Dans cet essaim, les séismes s’alignent suivant deux directions préférentielles N120 majoritaires et N60 minoritaires. De plus, les séismes les plus importants (magnitude > 3) montrent des mécanismes au foyer en extension, avec effondrement vers le sud-ouest. Les observations géologiques en surface montrent dans la zone épicentrale la présence d’une faille majeure sub-verticale orientée N60, et ayant jouée lors de la convergence et du soulèvement récent du massif. Les failles de direction N120 sont moins visibles et sont d’extension plus faible. À ce stade de l’analyse, il se peut que l’essaim observé actuellement, corresponde à un relais décrochant N60 entre des failles majeures N30 du secteur (faille de Belledonne) et amène localement des ajustements sismiques nombreux sur des failles N120 d’extension latérale pourtant mineure. L’essaim actuel correspondrait alors, à des ajustements entre les zones décrochantes orientées N30.
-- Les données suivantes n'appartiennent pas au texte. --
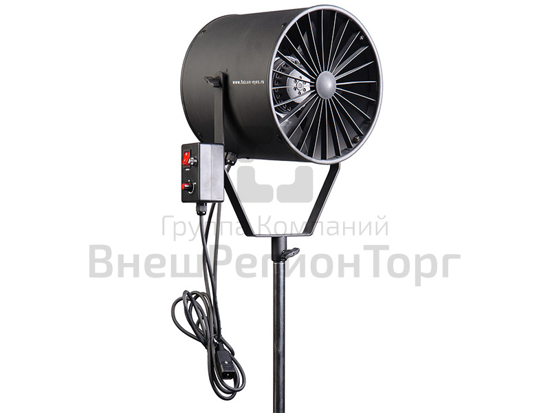Профессиональный мощный студийный вентилятор осевого (аксиального) типа, который позволит получить поток воздуха необходимой интенсивности. С помощью него в кадре можно имитировать как легкое дуновение морского бриза, так и настоящий ураган, регулятор скорости вращения лопастей плавно меняет скорость воздушного потока.

Surveillance de la sismicité des Alpes et zoom sur le secteur de la Maurienne
Surveillance de la sismicité des Alpes et zoom sur le secteur de la Maurienne

Cette activité sismique reste modérée en terme de magnitude, et dans la gamme d’amplitude des tremblements de terre qu'on observe dans les Alpes régulièrement. Son évolution reste imprévisible, que ce soit une augmentation, un maintien ou une diminution du nombre d'événements. Cependant, depuis juillet 2017, ces séismes sont souvent fortement ressentis par la population, qui témoigne de frayeur et de bruits semblables à des détonations dans la vallée. Cette séquence mal appréhendée empêche sa gestion de manière efficace, avec sérénité, qui dans le meilleur des cas doit pouvoir s’appuyer sur une connaissance approfondie des processus. Entre les tremblements de terre et les essaims naturels, les processus peuvent être différents, mais les mêmes points de blocage contribuant à la gestion des risques existent, d’autant plus qu’ils sont quasi-systématiquement ressentis par les populations qui souhaitent être informées et rassurées : la magnitude maximale possible est inconnue, les mouvements du sol associés créant les vibrations sont incertains, le ressenti et les dommages aux structures et infrastructures sont mal prédits, la durée et la fréquence de la séquence sont mal contraintes, etc. Les conséquences humaines et sociétales peuvent être importantes selon comment évolue la séquence. On ne sait pas non plus si les essaims sont révélateurs d’une modification à long terme de l’aléa et du risque sismique de la région dans laquelle ils se produisent, mais ils doivent être considérés et intégrés à la prévention.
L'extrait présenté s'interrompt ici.